Aymaho se miró el cuerpo. A lo largo del día, el tinte negro del fruto de la genipa había ido desapareciendo, pero en algunas partes todavía se adivinaba. Detrás de Yami y Tiacca, las mujeres lo miraban fijamente y cuchicheaban nerviosas sobre lo que le debía de haber sucedido.
—Yami, ¿te acuerdas de las historias sobre los ambue’y? —preguntó él.
—¡Ambue’y! —Los rasgos se le marcaron—. ¿Por qué me lo preguntas?
—Esta herida me la causó una de sus armas —dijo removiendo la capa de pasta de helecho bajo la cual la cicatriz era todavía visible—. Son como cerbatanas, solo que no hace falta soplar. Y son mucho más peligrosas.
Ella se agachó y se lavó los restos de helecho de los dedos.
—Ah, ¿sí? Si te hubiera alcanzado el dardo de una cerbatana, ya estarías muerto.
—Me gustaría saber si un ava también puede usar esas armas o si se necesita algún tipo de hechizo que solo dominan los ambue’y. ¿Dicen algo las leyendas al respecto?
Yami se levantó con una expresión de furia y levantó rápidamente las manos sacudiendo las carnes que le colgaban de los brazos.
—Hace ya tiempo que juré no volver a malgastar ni una palabra sobre esos… individuos.
—¿Eso hiciste?
—Toda la aldea lo hizo.
—¿Por qué? —preguntó Aymaho desconcertado. Y dado que ella no reaccionaba, se pasó la mano por detrás de la oreja—. No te he entendido bien, Yami. ¿Por qué?
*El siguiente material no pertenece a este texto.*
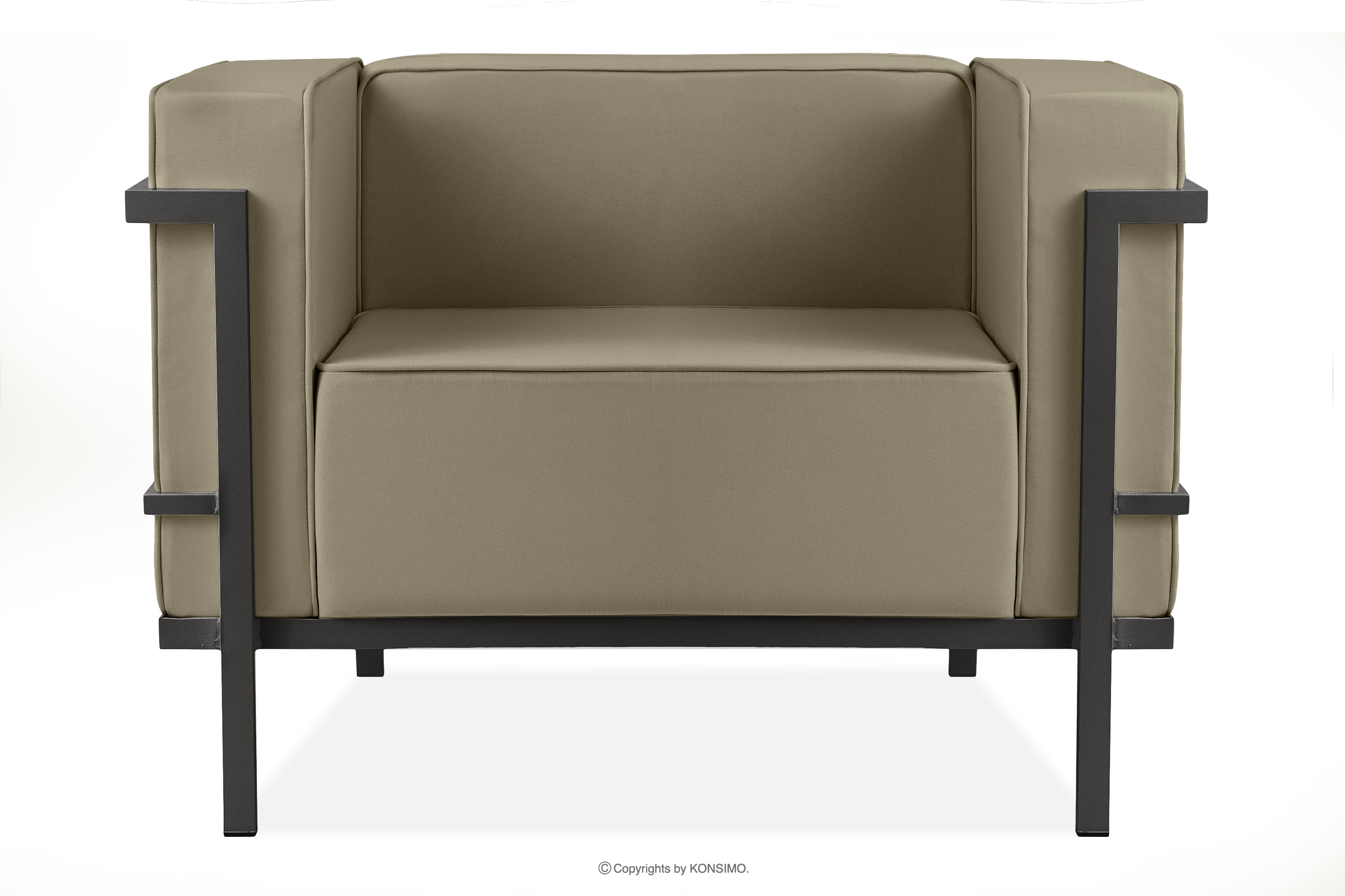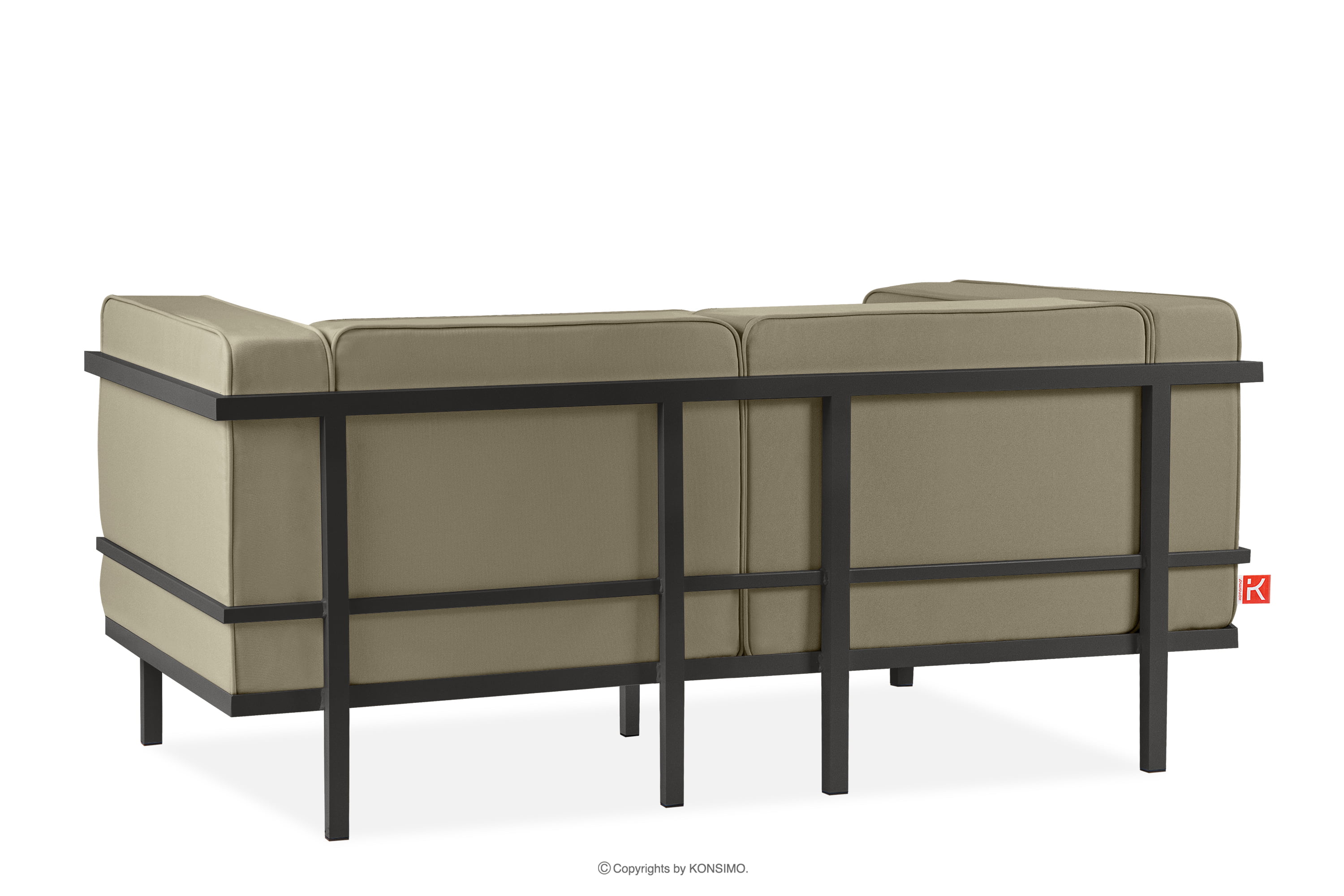 Das dunkelgrau/beigefarbene Gartenmöbelset (1.1.2.1) aus robustem dunkelgrau/hellgrauem Stahl auf Metallfüßen verleiht dem Raum nicht nur Eleganz, sondern bietet auch außergewöhnlichen Komfort. Dank des weichen Schaumstoffs von Sitz und Rückenlehne wird das Entspannen im Freien zu einem echten Vergnügen. Das auf massiven, pulverbeschichteten Stahlbeinen stehende Möbel bleibt auch bei intensiver Nutzung stabil.

Sin embargo, Yami permaneció callada. Continuó untándole de grasa las heridas duras y encostradas. A pesar de su obstinación, le procuraba una sensación agradable. Las mujeres se hicieron a un lado. El cacique y los chamanes se acercaron. Otra vez aquella mirada de la que Aymaho empezaba a hartarse. Durante la mañana anunció lo que le había sucedido y el peligro que corrían. ¿Acaso no debían recibirle como a un gran guerrero? En vez de eso, lo trataban como a un apestado que se hubiera contagiado entre los ambue’y.
A pesar de que ya había regresado al poblado y había vuelto a ser una persona, tenía la sensación de que faltaba todavía un paso para su retorno completo, un paso que no podría dar nunca.
A no ser que los defendiera de la amenaza que se cernía sobre ellos.
A no ser que llevara consigo la calavera. La calavera del cacique de los otros.
Los hombres se dirigieron a la entrada de la caverna. Aymaho había estado allí por última vez dos años atrás, cuando murió su madre. Un cúmulo de lianas ocultaba la entrada. Si uno no sabía lo que allí se encontraba, bien podría haber estado delante sin advertirla. El cacique metió un dedo entre las lianas, vaciló un instante y las echó a un lado. Los hombres fueron desapareciendo uno tras otro en el interior. Les azotó un fuerte olor a moho, y hubieron de hacer esfuerzos para no toser y estornudar. Se decía que los espíritus de los muertos llenaban la caverna. No obstante, mirando a su alrededor, Aymaho no vio más que nubes de polvo bailando bajo los rayos del sol que penetraban entre los huecos de las paredes.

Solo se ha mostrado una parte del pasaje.